Do not include the pictures; repeat the rest of the data exactly.

**Supplied material**

+ + + + + + +

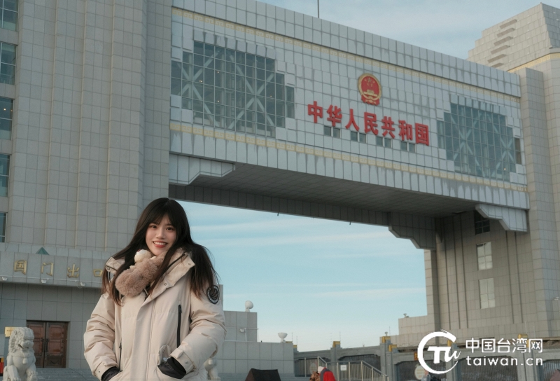 1月27日,2024年全国台联第三十届台胞青年冬令营内蒙古分营一行人前往中俄第五代国门参访,陈纪陵于中俄第五代国门前“打卡”留念。(台湾同学 王奕勋 摄)
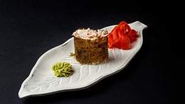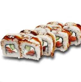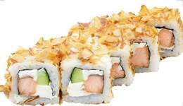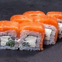 Рис, нори, сыр Cremette, огурцы, лосось, унаги соус, кунжут, секретный соус
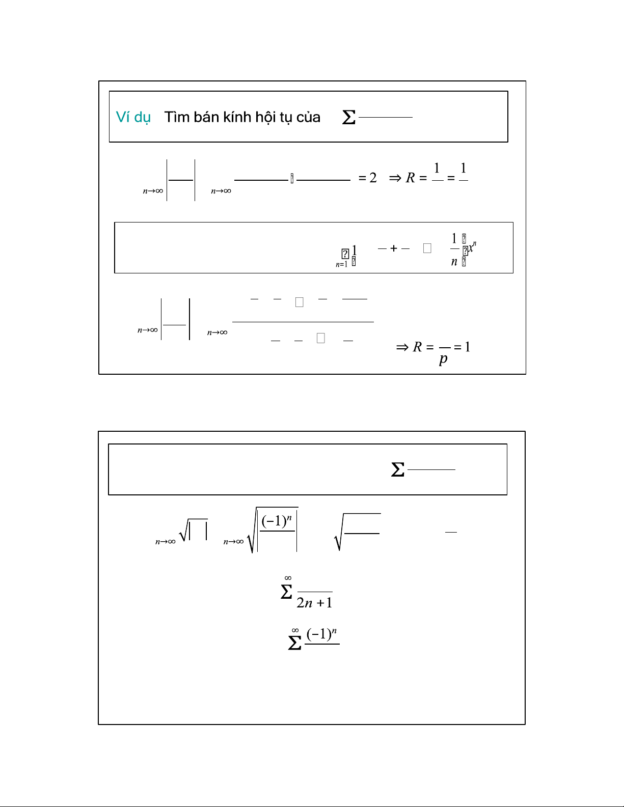 Ví dụ Tìm bán kính hội tụ của Σ + + 1 + + 2 3 1 1 1 1 1+ + + + + p a = lim n+1 = lim 2 3 n n +1 = 1 a 1 1 1 n 1+ + + + 1 2 3 n 31 ∞ (–1)n xn
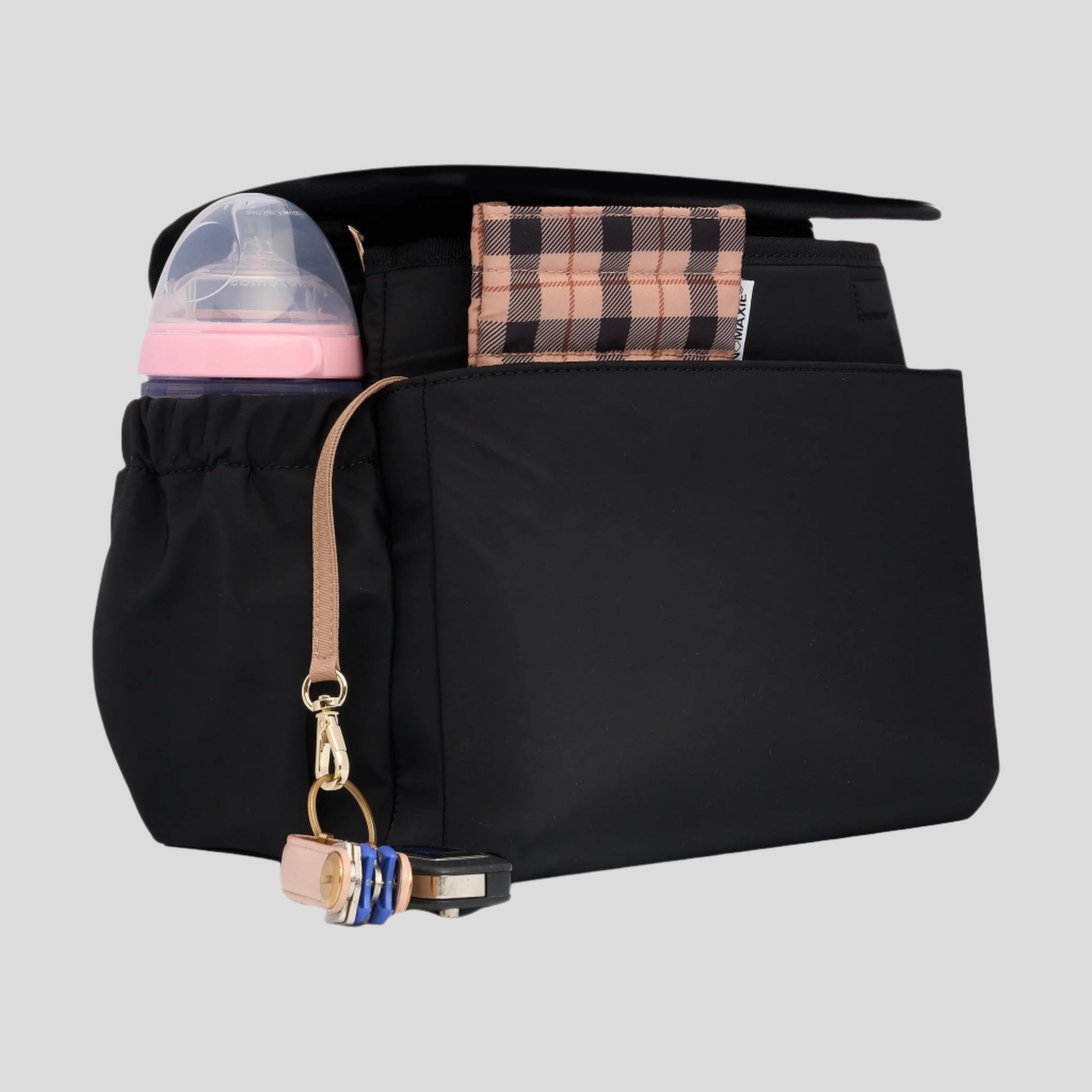 The pram caddy that stays structured, grippy and easy to access—without the chaos. Designed to fix the rummage, slipping straps and saggy bags, with 8 smart compartments, a magnetic lid, easy-access phone and back pockets, and a zipped section with key clip. Fits an iPad and large drink bottle upright, with a wipe-clean, water-resistant lining that hides mess and helps you see inside. Secure, stylish, and built for real-life parenting.

+ + + + + + +

**Reply**
 1月27日,2024年全国台联第三十届台胞青年冬令营内蒙古分营一行人前往中俄第五代国门参访,陈纪陵于中俄第五代国门前“打卡”留念。(台湾同学 王奕勋 摄)
 Рис, нори, сыр Cremette, огурцы, лосось, унаги соус, кунжут, секретный соус
 Ví dụ Tìm bán kính hội tụ của Σ + + 1 + + 2 3 1 1 1 1 1+ + + + + p a = lim n+1 = lim 2 3 n n +1 = 1 a 1 1 1 n 1+ + + + 1 2 3 n 31 ∞ (–1)n xn
 The pram caddy that stays structured, grippy and easy to access—without the chaos. Designed to fix the rummage, slipping straps and saggy bags, with 8 smart compartments, a magnetic lid, easy-access phone and back pockets, and a zipped section with key clip. Fits an iPad and large drink bottle upright, with a wipe-clean, water-resistant lining that hides mess and helps you see inside. Secure, stylish, and built for real-life parenting.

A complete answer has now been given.